I had previously made a logo generator that generated bitmaps, because I needed bitmaps for use on social media sites. I wanted to make one for the axidraw plotter, but I needed a vector format. Even though I could convert the face generator commands to vector format, I am using clip regions for it, and the plotter doesn’t support clip regions or polygon fills. So I’m making one specifically for the plotter, and I might be able to reuse it for non-plotter applications too.
Or I can generate lots of them:
Instead of using a clip region, I need to clip the teeth to the mouth shape. The mouth shape is in four segments:
I need to take each of the vertical line segments for the teeth and clip it to the mouth shape. I also need to take the horizontal section that doesn’t have teeth and fill it from left to right.
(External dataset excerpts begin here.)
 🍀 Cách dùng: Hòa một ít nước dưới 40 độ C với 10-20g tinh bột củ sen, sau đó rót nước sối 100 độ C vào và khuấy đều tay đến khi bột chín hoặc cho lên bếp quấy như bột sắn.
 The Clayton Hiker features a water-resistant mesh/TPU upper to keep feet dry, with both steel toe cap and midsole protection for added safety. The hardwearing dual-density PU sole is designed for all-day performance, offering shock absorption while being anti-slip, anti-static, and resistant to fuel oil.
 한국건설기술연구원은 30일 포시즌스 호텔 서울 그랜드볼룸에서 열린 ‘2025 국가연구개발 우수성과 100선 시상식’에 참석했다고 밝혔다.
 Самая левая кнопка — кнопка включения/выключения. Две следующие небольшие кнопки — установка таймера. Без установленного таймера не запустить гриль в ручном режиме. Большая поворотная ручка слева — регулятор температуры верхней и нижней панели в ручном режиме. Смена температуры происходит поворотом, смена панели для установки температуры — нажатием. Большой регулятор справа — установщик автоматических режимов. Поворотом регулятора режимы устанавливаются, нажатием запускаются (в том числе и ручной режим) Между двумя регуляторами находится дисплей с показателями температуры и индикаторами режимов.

Since these are quadratic bezier curves[1], I think I can solve them directly. The quadratic spline formula usually takes \(t\) as input and outputs a point \(S\):
| \(S =\) | \(\quad \quad (1-t)^{2} * P\) |
| \(+\quad 2(1-t)t * Q\) | |
| \(+\quad t^{2} * R\) |
I want to rearrange this to a polynomial of \(t\):
| \(0 =\) | \(\quad \quad P t^{2}\) | \(- \quad 2 P t\) | \(+\quad P\) |
| \(-\quad 2 Q t^{2}\) | \(+\quad2 Q t\) | ||
| \(+\quad R t^{2}\) | |||
| \(-\quad S\) |
where \(S\) is the target value. So now I can use the quadratic formula[2] to solve this:
\[ t = \frac{-b ± \sqrt{b^{2} - 4ac}}{2a} \]
where \(a = (P - 2*Q + R)\); \(b = -2*P + 2*Q\); \(c = P-S\). Does this work? I’ll try it and see. It didn’t work. But that’s because I had gotten the math rearrangement wrong (forgot a minus sign). Since I had written down all the intermediate steps, I could bisect to find my algebra error and fix it. Now it works. Given \(S\) I can find \(t\).
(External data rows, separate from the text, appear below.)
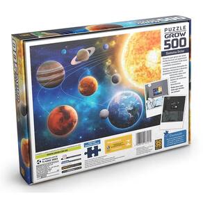 Quebra cabeça puzzle sistema solar brilha no escuro grow Quebra-cabeça de 500 peças especial com tinta que brilha no escuro e proporciona um efeito surpreendente Planetas que giram em torno do sol formam um gigantesco e mágico carrossel onde reina a precisão matemática. Corpos estelares formados de diversos elementos e diversas proporções bailam numa silenciosa valsa num abismo cósmico repleto de mistérios a serem descobertos. A montagem de um quebra-cabeça, por passatempo ou por hobby, traz momentos de alegria a cada peça montada. Aos poucos, um pedaço do mundo vai se formando e, em pouco tempo, uma paisagem maravilhosa está completa e a sensação de ter feito uma viagem ou cumprido um desafio gera uma satisfação inigualável.
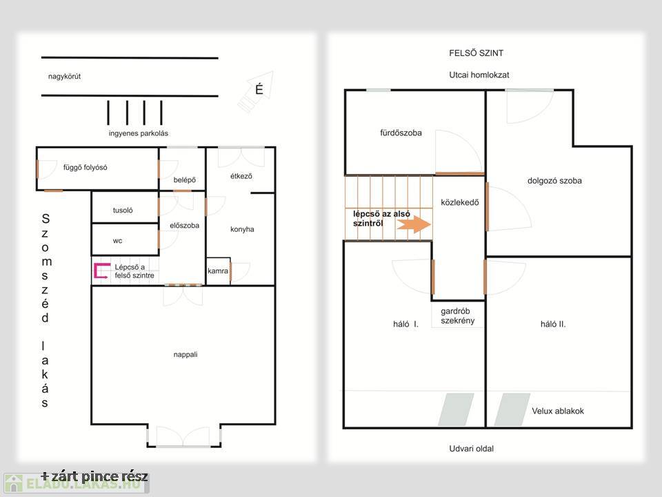 Szeged-Belváros, Brüsszeli körútnál 90 m2-es, nappali + 3 szobás, étkező konyhás, 2. fürdőszobás, belső két szintes, napfényes, alacsony rezsiköltségű, cirkó fűtésű, felújítandó állapotú, 2. emeleti téglalakás, zárt, udvari parkolóval, 1990-ben épült társasházban, tehermentesen eladó. A ház előtt 5 db ingyenes parkolóhely kialakított, a lakáshoz 6 m2-es saját tároló tartozik az alagsorban. Megerősítették a villanyhálózatot (32 A), új kazán, új villanytűzhely került behelyezésre 5 éve. Az ingatlan hangulatos és jó elosztású: az alsó szinten előtér, tusoló, külön WC, közlekedő, étkező-konyha-spájz, és tágas nappali, az emeleten kádas fürdőszoba WC-vel, gardróbszekrény és 3 külön bejáratú szoba (kettőben beépített bútorzatokkal is) található. Az e fölötti tetőteret még be lehet építeni – így a lakás bővíthető akár 3 szobával is. A burkolatok parketta és laminált padló, kivétel az egyik emeleti hálószoba (szőnyegpadlós) a többi helyiség járólapos. Az ablakokon árnyékolók és szúnyoghálók vannak. Közelben a Széchenyi tér és a Tisza, a szomszédságban üzletek és tömegközlekedési megállók (buszok, troli, villamos).
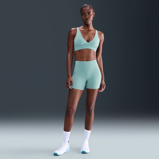 Movimente-se facilmente com este top envolvente. O suporte leve envolve o corpo com suavidade, oferecendo muita liberdade de movimentação. O forro ventilado e elegante foi combinado com um tecido muito macio de peso médio que seca rápido e acompanha seus movimentos.
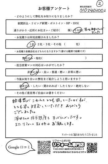 給湯器がこわれてとても困っていたのですが とても早く対応していただき ありがとうございました。 深田さんの接客態度もすばらしかったです またリフォームするときはお願いします
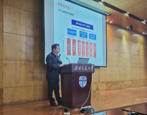 吴积钦教授向同学们详细地介绍了学科发展、专业概况、培养目标以及毕业就向等同学们关心的问题。随后,吴教授还介绍了我院牵引供电学科发展的基本情况,鼓励同学们勤学不懈,为牵引供电的发展贡献自己的力量。王晓茹教授则向同学们介绍了电力系统学科的发展历程及发展前景,还向大家介绍了我院优秀教师在电气各领域的研究方向,希望各位同学能多参与老师的项目,找到属于自己的方向。
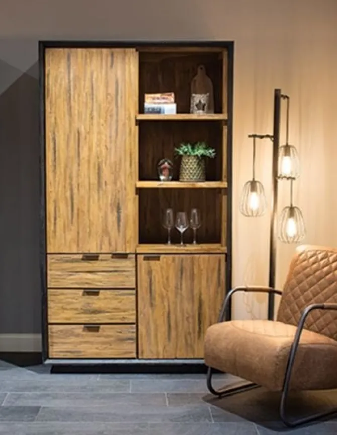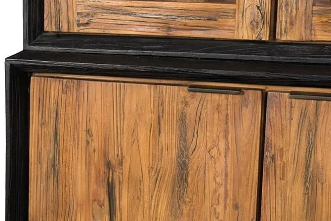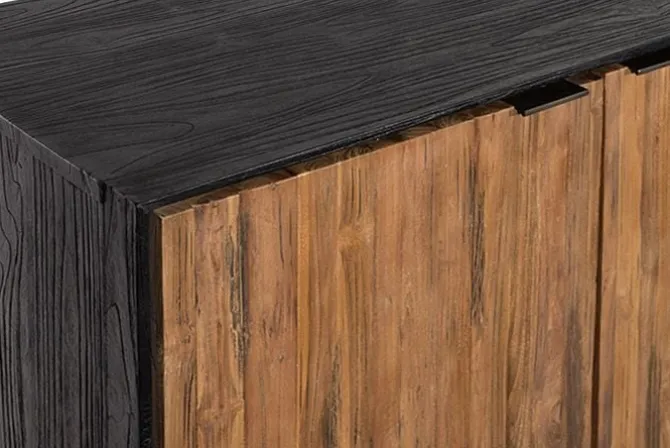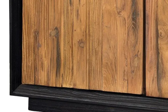 Bent u ook een echte liefhebben van een woonruimte die sfeer en karakter uitstraalt? Dan is de Mountain cabinet de perfecte match voor u! De Mountain cabinet is vervaardigd uit massief geborsteld teakhout, dit geeft de Mountain collectie een warme en sfeervolle uitstraling. De Mountain cabinet voldoet aan de laatste woontrends dankzij het zwart geborstelde teakhouten frame dat in combinatie met het teakhout de collectie een stoer en uniek karakter geeft. De cabinet is niet alleen een echt pronkstuk in uw woonkamer, maar u beschikt ook nog eens over voldoende opbergruimte dankzij de praktische indeling. Er zijn 3 diepe lades voorzien en 2 grote deuren met legplanken, zo kan u voldoende items uit het zicht opbergen. De decoratie stukken die wel gezien mogen worden kan u etaleren in de 3 ruime open vakken.
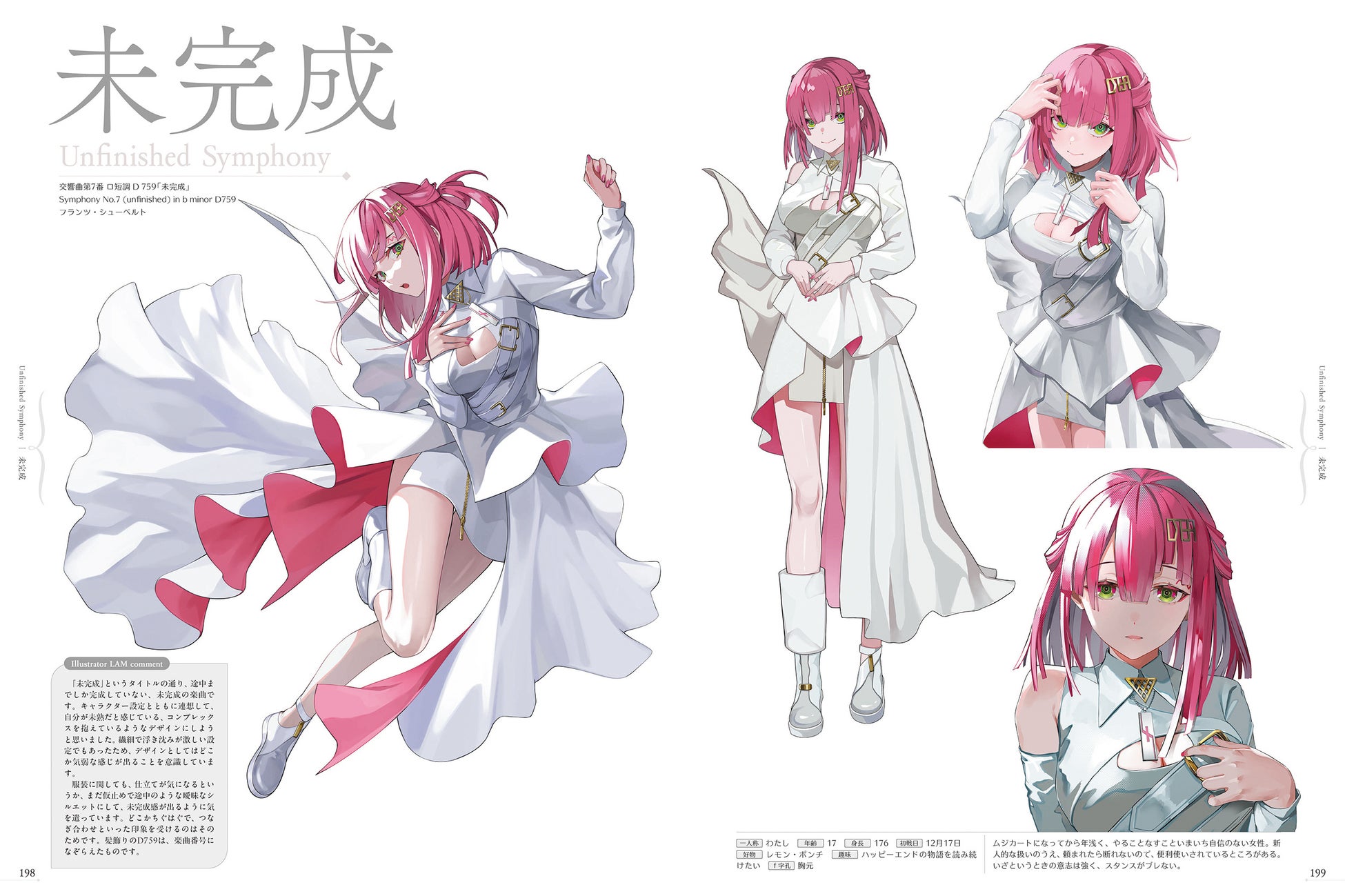 LAM氏と制作スタッフによるデザイン・制作秘話なども掲載している他、未実装に終わったムジカートたちや、メインストーリー"第二部"に向けて準備が進められていたムジカート、ストーリーイラスト、背景コンセプトアートなども特別に本書で初公開しています。さらに作品を彩ったキービジュアルや各種プロモーションイラスト、コラボレーション記念のビジュアル、情感あふれる音源楽装のイラストなど幅広く掲載。総ページ数320ページに、実に1870点越えの図版を展開しています。

Note: I also tried the alternate form[3] but it wasn’t any better in this case:
\[ t = \frac{-2c}{b ± \sqrt{b^{2} - 4ac}} \]
When I use the \(x\) values from P, Q, R, I can solve for some desired \(S=x\), to get the clipping range for the horizontal lines. When I use the \(y\) values, I can solve for some desired \(S=y\), to get the clipping range for the vertical lines.
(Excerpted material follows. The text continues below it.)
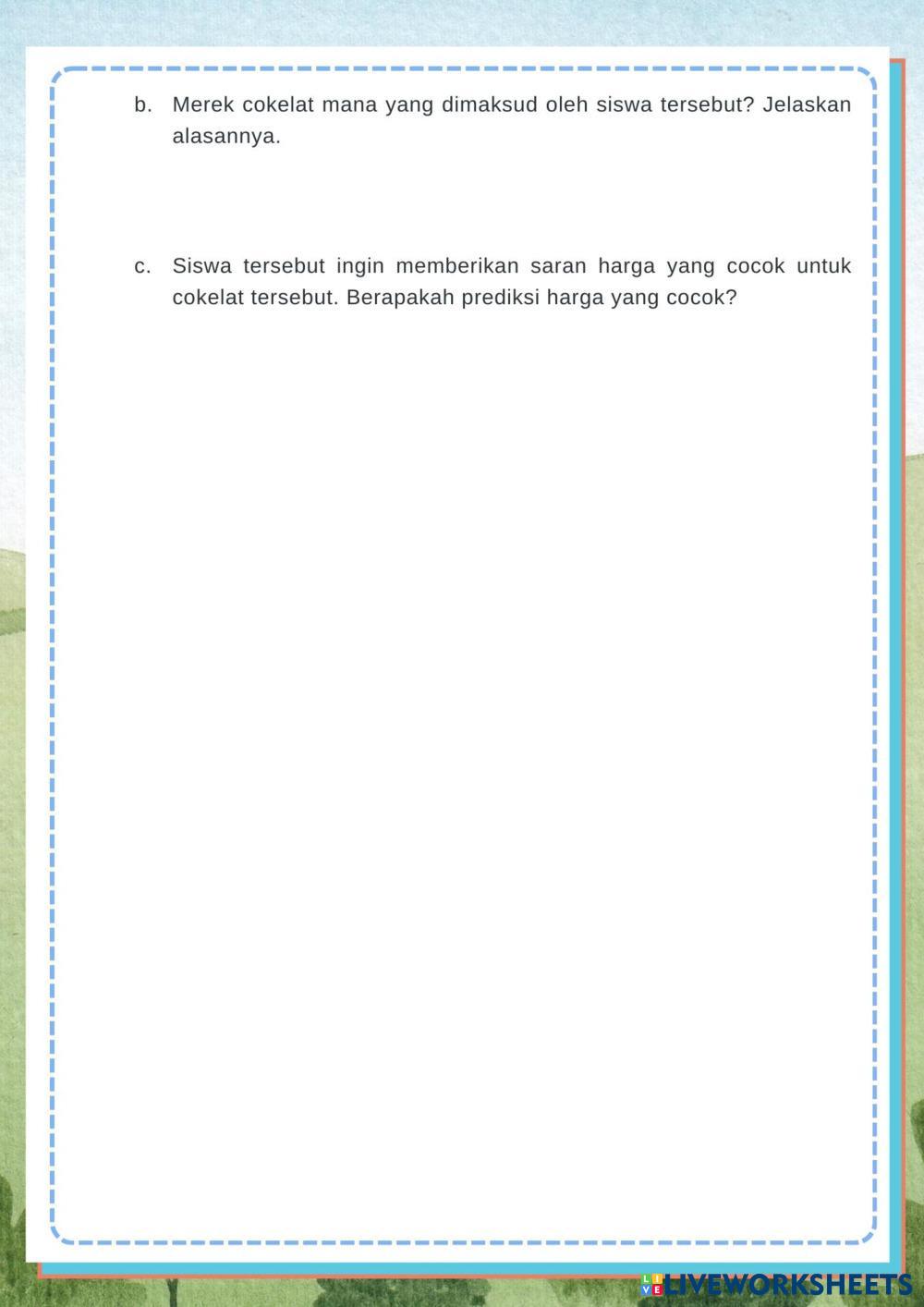 Created by Syariful Akbar Matematika Statistika Edad 15+ level: XI Indonesian Author's Instructions My Google Classroom Courses × 0 classes selected (0 students total) Quick Access Select all classes (0 classes) All Classes Loading courses... Cancelar Share Share to selected Course __COURSE_NAME__ __STUDENT_NAME__ (__STUDENT_EMAIL__) E-LKPD Interaktif Matematika Pertemuan 2 Download Worksheet Validation Comprobar mis respuestas Emails my answers to my teacher Nombre completo Group/level Asignatura Teacher's email or key code Close Submit Validating worksheet... (12) Your answers have been sent to your teacher. Good luck! OK We encountered an error submitting your answers. Please try again. OK Anuncio | Ir sin anuncios Created by Syariful Akbar Matematika Statistika Edad 15+ level: XI Indonesian Author's Instructions

How do I draw the individual teeth? I start with an interval [lo, hi] and then use the lips to restrict the interval to [max(lo, upperlip), min(hi, lowerlip)]. If this interval is non-empty then I draw that vertical line segment.
(Also: while I was working on this I discovered some hacks in the face generator that I never took out, so I took them out. I had been trying to add more control points to make the mouth more expressive, but those extra points never worked right.)
The horizontal lines are a bit harder. It depends on whether the lips are up or down from the corners of the mouth. Case 1 is relatively easy, as a horizontal line has to be clipped once:
Case 2 is a little trickier. A horizontal line might be clipped once or split into two segments:
Case 3 is similar:
Case 4 would be the upper lip going down and the lower lip going up. This should not let you see anything inside the mouth.
I think I can handle these by finding all the intersection points on a horizontal line, and then drawing between pairs of them. I tried that, and it worked. Hooray!
So I got things working!
I tried reloading repeatedly with random parameters, and found a case that didn’t work:
Ok, so how do I debug this? As part of generating random parameters, I printed them to the console so I knew exactly what parameter values caused it to fail, and I was able to set it to use those parameters every time:
Object.assign(FaceGenerator.shape,
{m: 0.02, p: -0.87, q: -0.62, r: 0.52, s: 0.37});
This is important for debugging! I now had a situation that failed every time I ran the program, so I could attach the debugger, add logging, add debug visualizations, etc. to investigate.
Aha, it turned out to be a problem with my parameterization. I’ve known it’s a problem, but the way I rendered it previously hid the problem so I didn’t worry about it. The parameterization of mouths is a 5-dimensional hypercube, and my goal was to have every point in that hypercube be a valid mouth. But they’re not. When m + p + q < 0 the two lips overlap and mess up the drawing. You can think of this as being one corner of the hypercube that I need to cut out. For now, I worked around the problem by pushing the lips apart if they overlap.